(EXERCISE DATA):
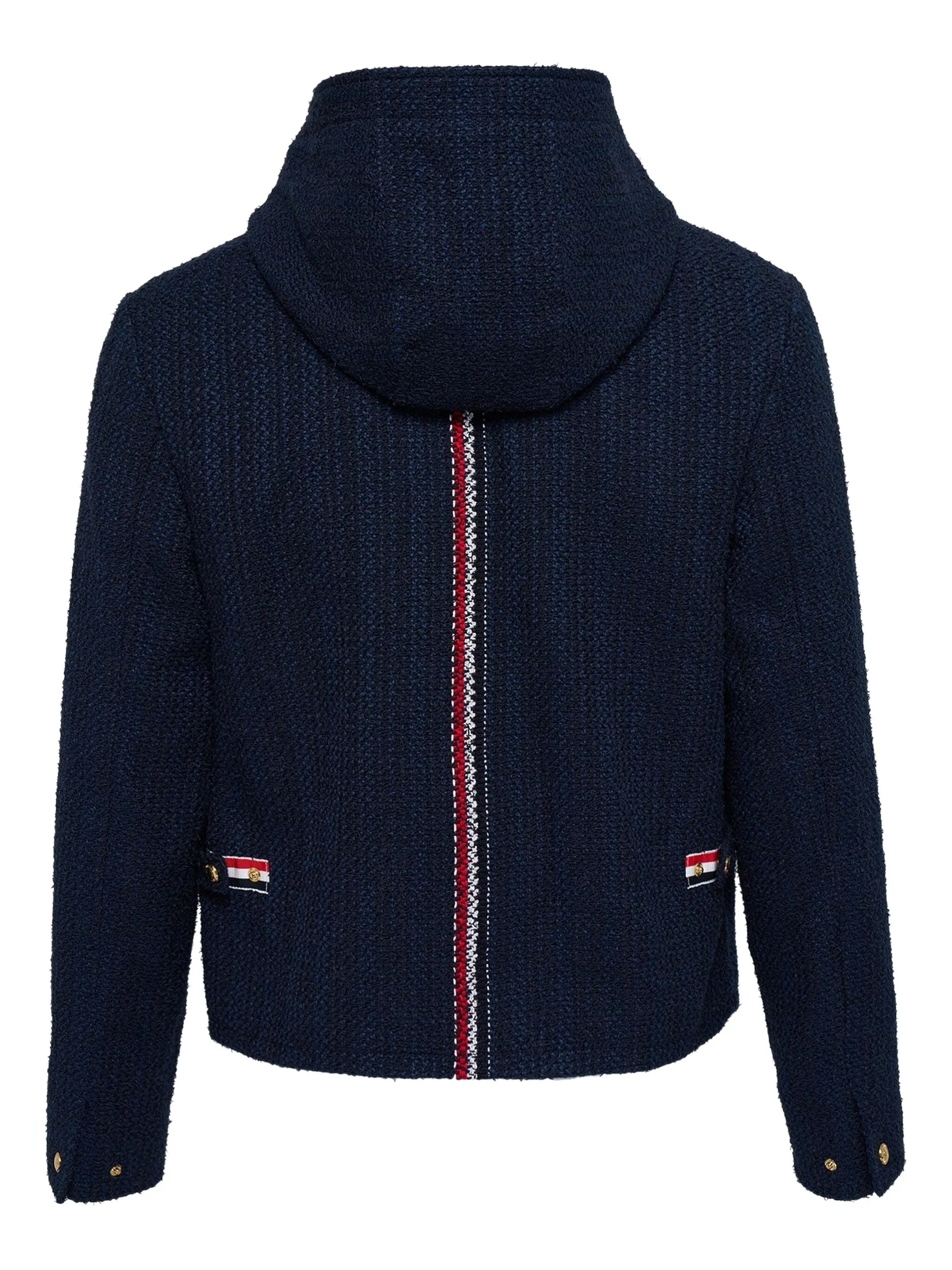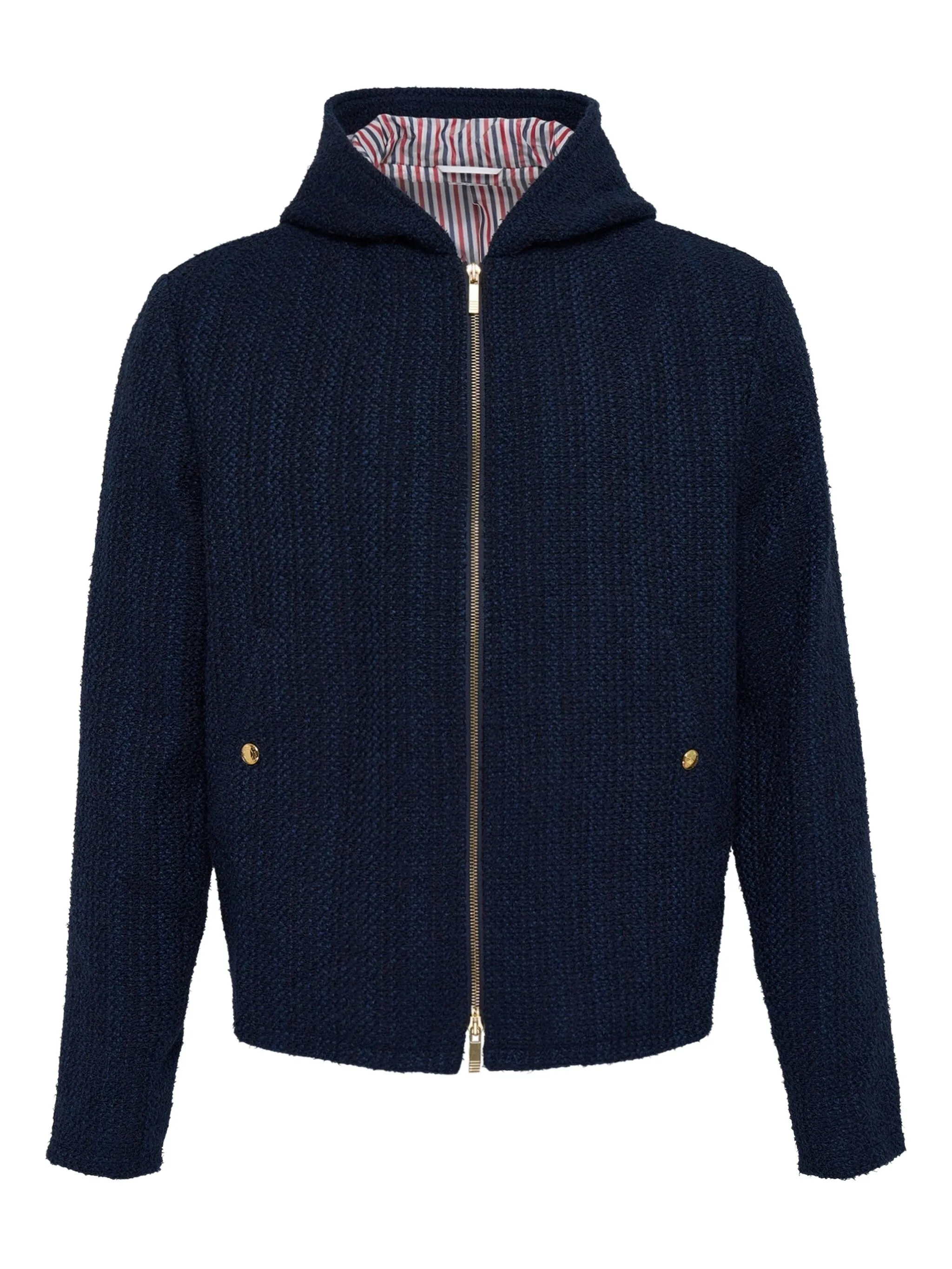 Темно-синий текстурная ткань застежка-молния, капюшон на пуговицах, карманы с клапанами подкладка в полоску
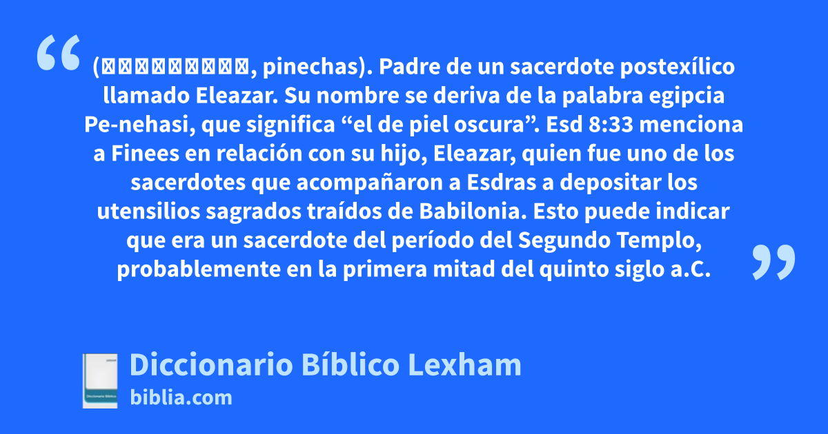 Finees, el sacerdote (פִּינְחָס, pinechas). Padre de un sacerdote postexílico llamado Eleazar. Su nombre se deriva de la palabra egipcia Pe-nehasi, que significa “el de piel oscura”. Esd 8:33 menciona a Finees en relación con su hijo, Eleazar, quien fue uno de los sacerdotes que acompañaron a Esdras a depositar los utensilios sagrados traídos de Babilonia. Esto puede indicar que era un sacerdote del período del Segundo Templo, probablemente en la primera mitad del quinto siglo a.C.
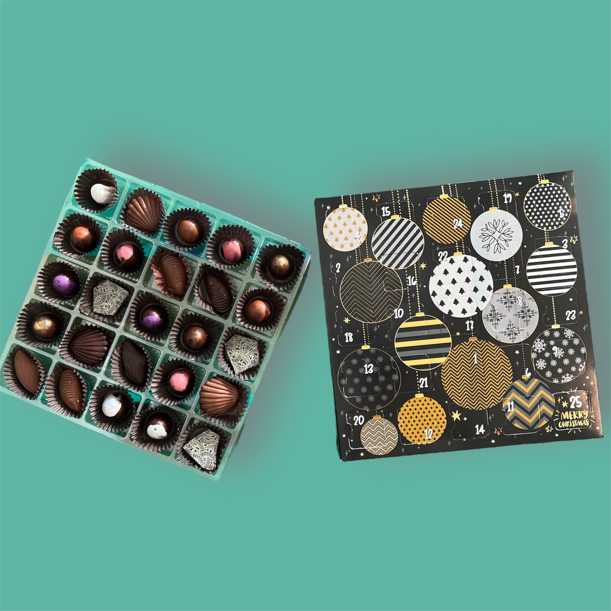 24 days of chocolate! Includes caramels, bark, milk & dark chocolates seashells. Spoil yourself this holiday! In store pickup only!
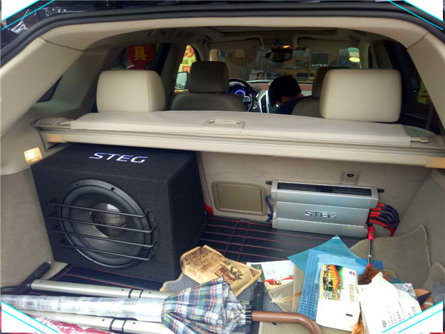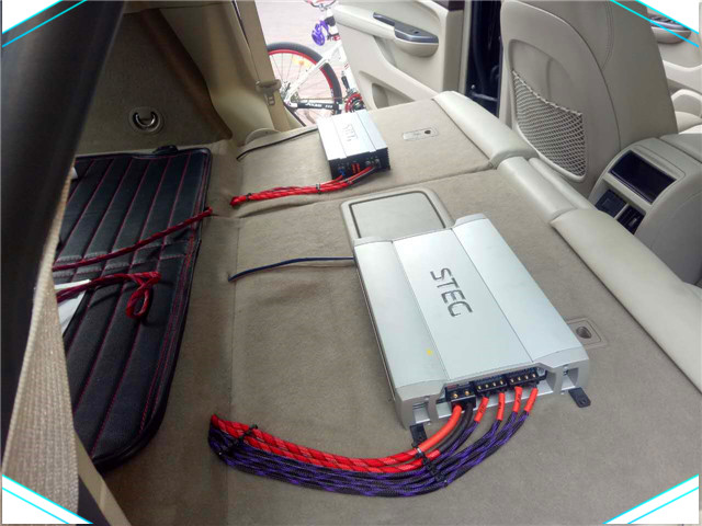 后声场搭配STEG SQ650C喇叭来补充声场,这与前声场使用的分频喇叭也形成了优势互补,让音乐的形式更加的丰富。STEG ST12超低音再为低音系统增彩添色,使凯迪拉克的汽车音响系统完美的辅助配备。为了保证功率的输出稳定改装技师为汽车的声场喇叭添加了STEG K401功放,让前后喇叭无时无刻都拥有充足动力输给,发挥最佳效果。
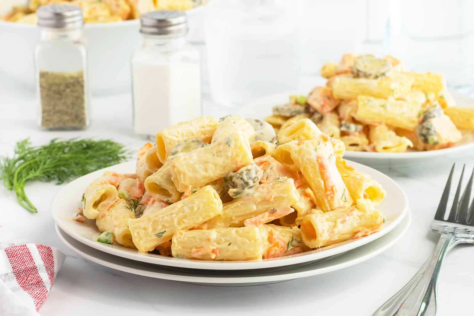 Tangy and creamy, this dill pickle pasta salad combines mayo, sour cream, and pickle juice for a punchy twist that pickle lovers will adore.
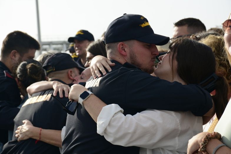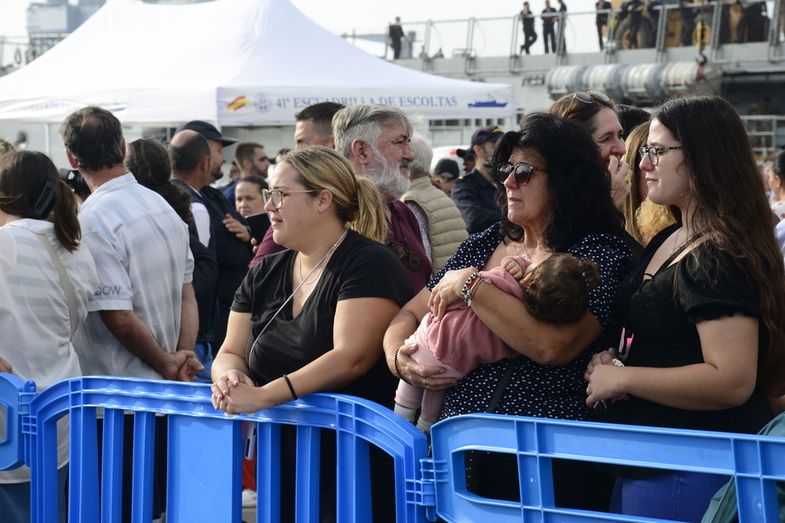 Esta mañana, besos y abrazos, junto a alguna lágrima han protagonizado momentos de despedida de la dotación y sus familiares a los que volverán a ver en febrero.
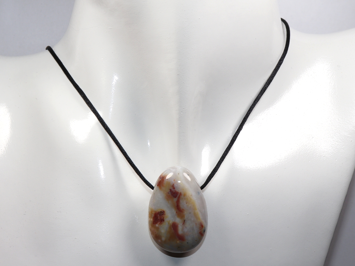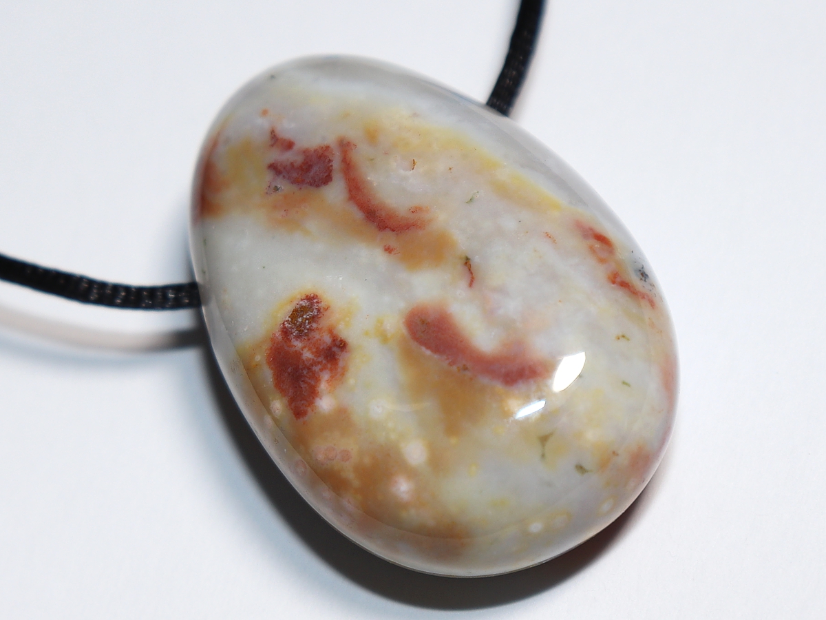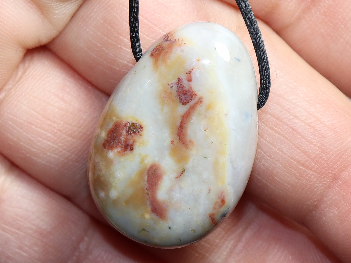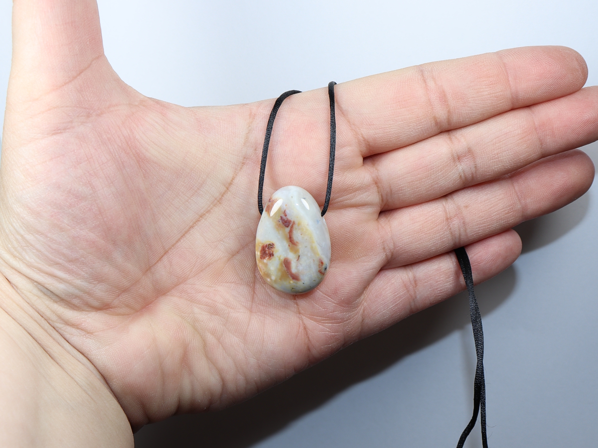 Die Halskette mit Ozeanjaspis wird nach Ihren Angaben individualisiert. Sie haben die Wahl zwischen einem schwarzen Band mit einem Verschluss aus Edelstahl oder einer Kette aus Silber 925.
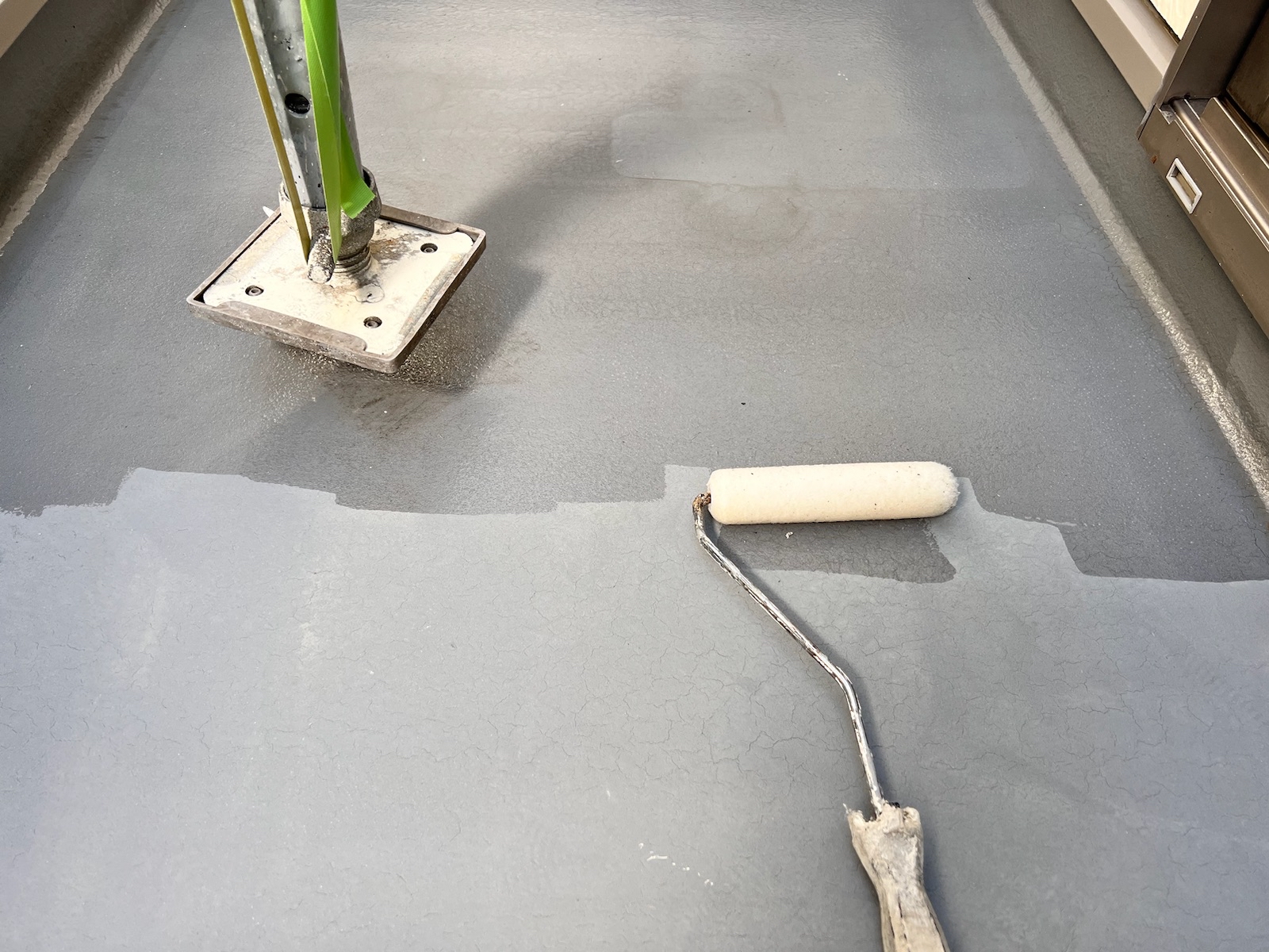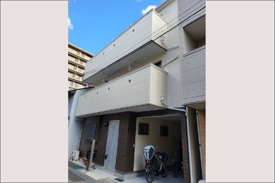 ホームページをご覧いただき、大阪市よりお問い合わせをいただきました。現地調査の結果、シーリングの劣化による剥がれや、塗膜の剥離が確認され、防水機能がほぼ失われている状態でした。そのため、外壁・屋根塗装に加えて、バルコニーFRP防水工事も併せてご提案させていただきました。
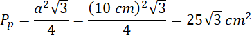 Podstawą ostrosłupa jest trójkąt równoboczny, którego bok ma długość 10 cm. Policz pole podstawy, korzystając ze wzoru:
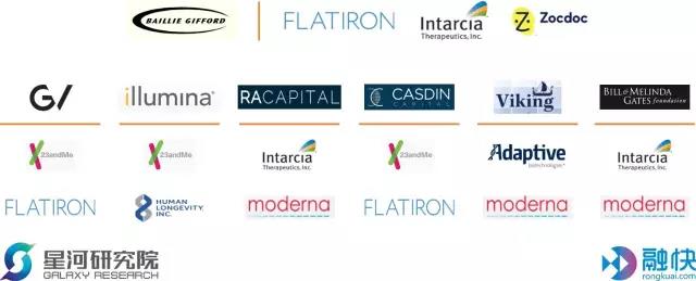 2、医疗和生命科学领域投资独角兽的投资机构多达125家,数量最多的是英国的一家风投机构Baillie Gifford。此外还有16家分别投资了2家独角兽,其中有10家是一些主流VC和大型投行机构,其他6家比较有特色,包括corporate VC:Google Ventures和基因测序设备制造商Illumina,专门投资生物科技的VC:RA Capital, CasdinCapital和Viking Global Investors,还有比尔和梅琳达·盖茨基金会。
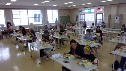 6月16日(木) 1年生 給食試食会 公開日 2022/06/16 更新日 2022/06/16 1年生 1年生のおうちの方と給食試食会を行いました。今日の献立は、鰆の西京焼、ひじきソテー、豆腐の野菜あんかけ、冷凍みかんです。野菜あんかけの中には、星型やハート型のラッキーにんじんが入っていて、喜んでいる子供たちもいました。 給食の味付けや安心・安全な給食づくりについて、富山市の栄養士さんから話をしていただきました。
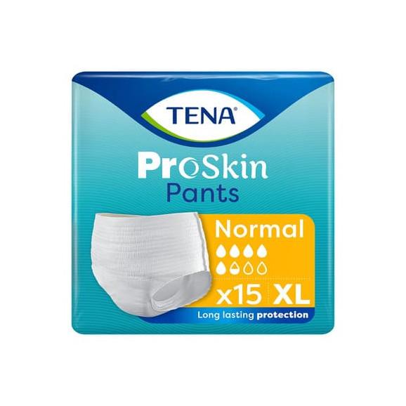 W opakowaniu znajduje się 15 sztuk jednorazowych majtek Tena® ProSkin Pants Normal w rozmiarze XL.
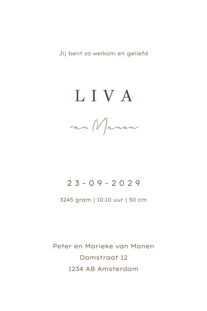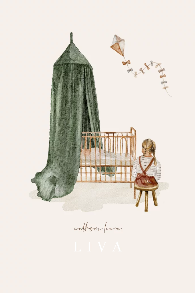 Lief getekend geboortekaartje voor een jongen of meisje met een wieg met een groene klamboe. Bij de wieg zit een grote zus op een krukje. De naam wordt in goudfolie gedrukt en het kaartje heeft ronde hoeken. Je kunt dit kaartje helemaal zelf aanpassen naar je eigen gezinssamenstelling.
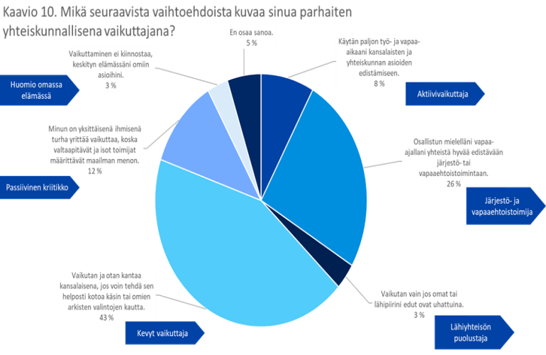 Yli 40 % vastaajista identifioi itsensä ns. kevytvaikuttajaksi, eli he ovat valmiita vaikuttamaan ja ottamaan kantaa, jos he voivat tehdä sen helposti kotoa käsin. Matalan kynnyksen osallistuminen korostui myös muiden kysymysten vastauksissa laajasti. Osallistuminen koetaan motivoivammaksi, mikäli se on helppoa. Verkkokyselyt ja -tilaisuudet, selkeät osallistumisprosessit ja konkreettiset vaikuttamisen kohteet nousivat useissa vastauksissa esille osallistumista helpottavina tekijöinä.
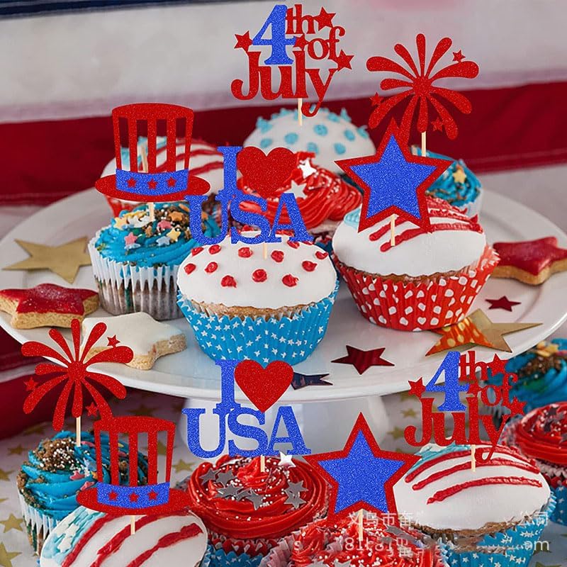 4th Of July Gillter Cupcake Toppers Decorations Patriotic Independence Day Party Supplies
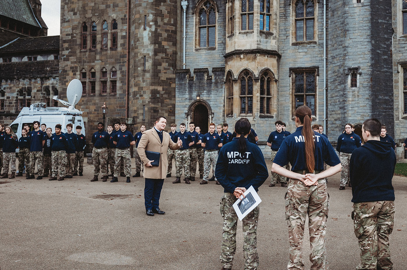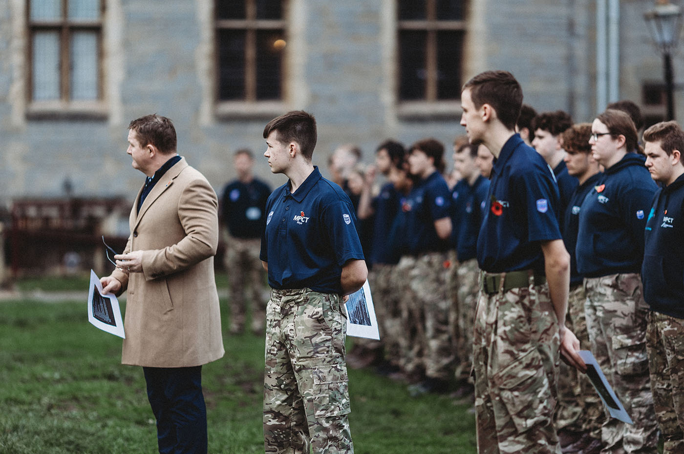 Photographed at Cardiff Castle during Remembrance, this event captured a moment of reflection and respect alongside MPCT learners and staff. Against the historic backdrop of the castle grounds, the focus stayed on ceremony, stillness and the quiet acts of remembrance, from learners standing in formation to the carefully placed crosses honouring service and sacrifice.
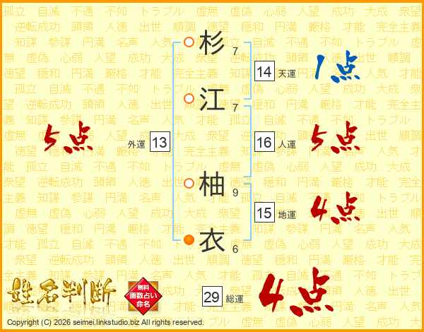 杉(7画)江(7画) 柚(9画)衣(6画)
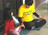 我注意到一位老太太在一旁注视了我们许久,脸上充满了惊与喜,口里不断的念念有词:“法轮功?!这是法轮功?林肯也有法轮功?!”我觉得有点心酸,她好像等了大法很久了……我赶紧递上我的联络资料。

(REQUIRED ACTION):
Using the listing above, restate exactly the range between the lines holding "CasdinCapital和Viking Global Investors,还有比尔和梅琳达·盖茨基金会。" and "Lief getekend geboortekaartje", inclusive, with pictures left out.

(ANSWER BOX):
 2、医疗和生命科学领域投资独角兽的投资机构多达125家,数量最多的是英国的一家风投机构Baillie Gifford。此外还有16家分别投资了2家独角兽,其中有10家是一些主流VC和大型投行机构,其他6家比较有特色,包括corporate VC:Google Ventures和基因测序设备制造商Illumina,专门投资生物科技的VC:RA Capital, CasdinCapital和Viking Global Investors,还有比尔和梅琳达·盖茨基金会。
 6月16日(木) 1年生 給食試食会 公開日 2022/06/16 更新日 2022/06/16 1年生 1年生のおうちの方と給食試食会を行いました。今日の献立は、鰆の西京焼、ひじきソテー、豆腐の野菜あんかけ、冷凍みかんです。野菜あんかけの中には、星型やハート型のラッキーにんじんが入っていて、喜んでいる子供たちもいました。 給食の味付けや安心・安全な給食づくりについて、富山市の栄養士さんから話をしていただきました。
 W opakowaniu znajduje się 15 sztuk jednorazowych majtek Tena® ProSkin Pants Normal w rozmiarze XL.
 Lief getekend geboortekaartje voor een jongen of meisje met een wieg met een groene klamboe. Bij de wieg zit een grote zus op een krukje. De naam wordt in goudfolie gedrukt en het kaartje heeft ronde hoeken. Je kunt dit kaartje helemaal zelf aanpassen naar je eigen gezinssamenstelling.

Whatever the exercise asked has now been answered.